Talent in China is so hard to find that many CEOs privately tell me they are more worried about talent and HR than the customer and their current profits. Vincent Mo, CEO of property website Soufun.com, told me: “Our challenge is that we need people…Everything will depend on whether we have enough people to execute all the things we need to do.”
In truth, there is not enough qualified talent to meet the market’s growth, and CEOs in many competitive industries report they experience staff-turnover rates of 30%. Worse, China has some of the lowest engagement levels in the world. A 2013 BlessingWhite survey reported that only 22% of Chinese workers feel engaged.
So, what do Western companies need to do? I suggest the following.
1 Build a talent farm
Western companies remain focused on hiring key individuals, but local and regional competitors have a totally different approach. They recognise that they need industrial levels of talent.
“[Entering China], we recruited 700-plus people in one shot, even though we had no business in the first three years,” says Rangarajan Vellamore, CEO of IT services provider Infosys. Neusoft Corporation, Infosys’ largest Chinese competitor, now has 5,000 students a year graduating from its own university (founded in 1991) and colleges in Dalian, Nanhai, Chengdu and Shenyang.
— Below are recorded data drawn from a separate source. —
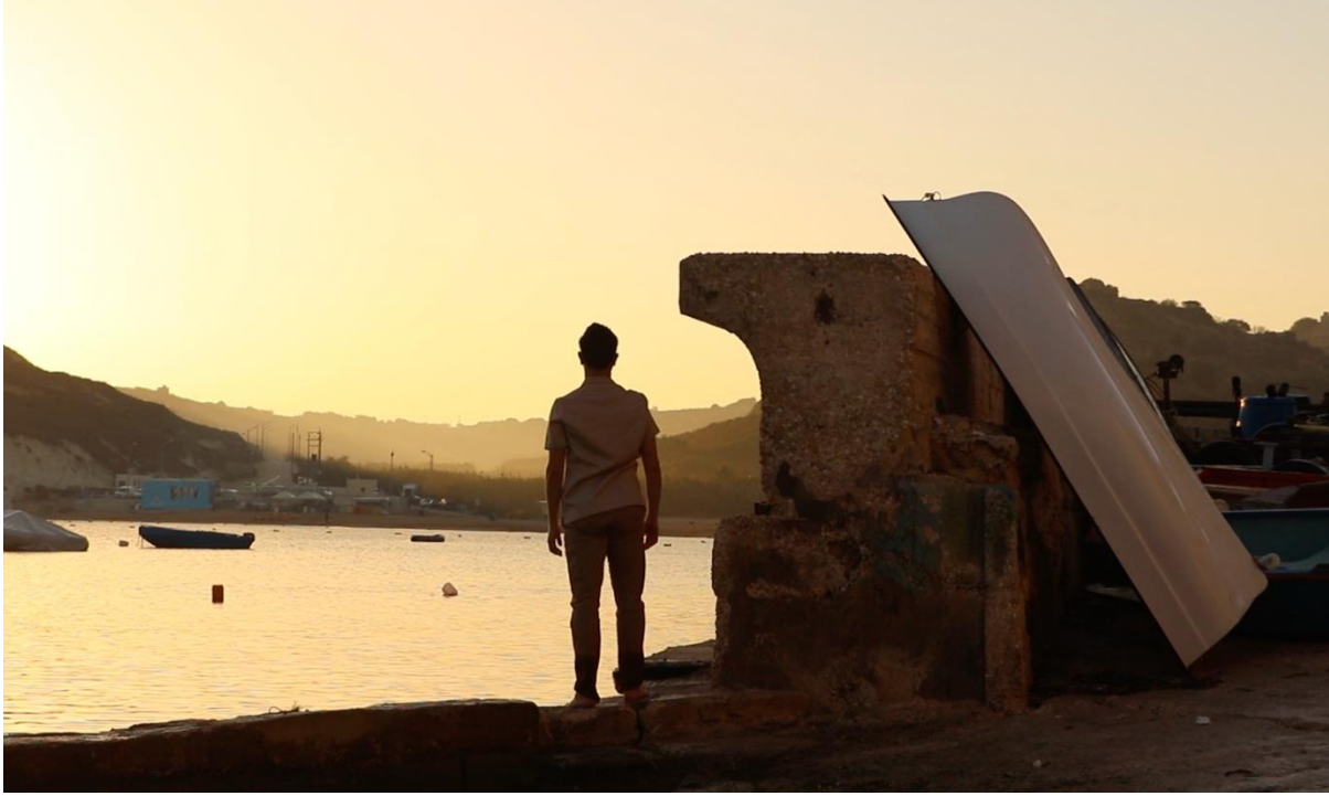
Figure 7. The beach. The dancer contemplates the Maltese land and sea, thus acknowledging humans' needed reconnection with the environment and the spaces that allow existence.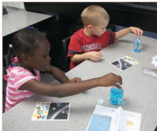
Kindergarten students learn about satellites through artistic activities that reinforce their knowledge.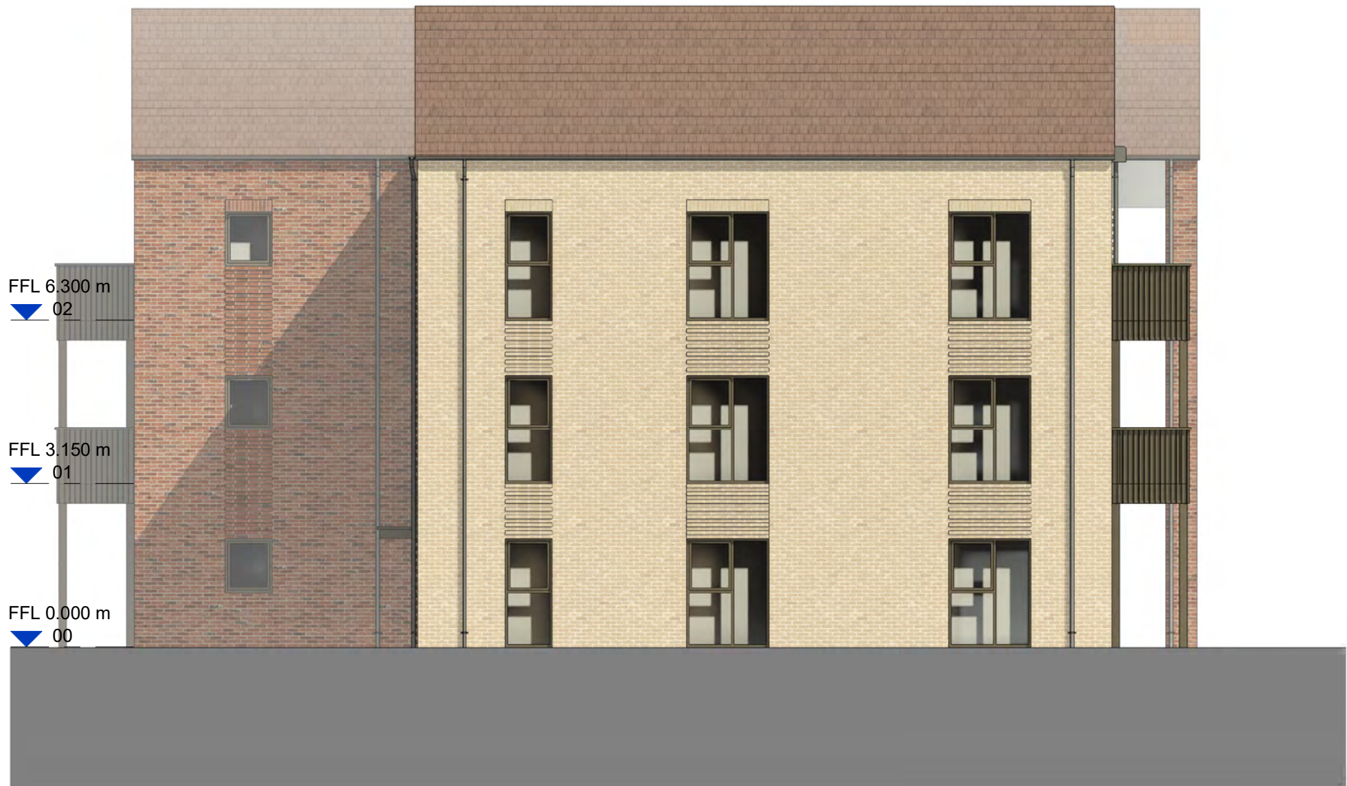
East Elevation 1 : 100

And Benson Tam, partner at venture capital firm Fidelity Growth Partners Asia, tells me: “Large companies are taking the entire graduating class of top national colleges. There’s no way around it.”
It’s important to think bigger, bolder and younger when hiring for China.
2 CEOs need to raise their personal leadership game
Leading China for a multinational company is one of the toughest executive jobs out there. Everybody wants a piece of the CEO. Plus, leaders are usually expats managing Chinese and global high-flyers. But Chinese talents are very different from those of their global peers, and take some getting used to.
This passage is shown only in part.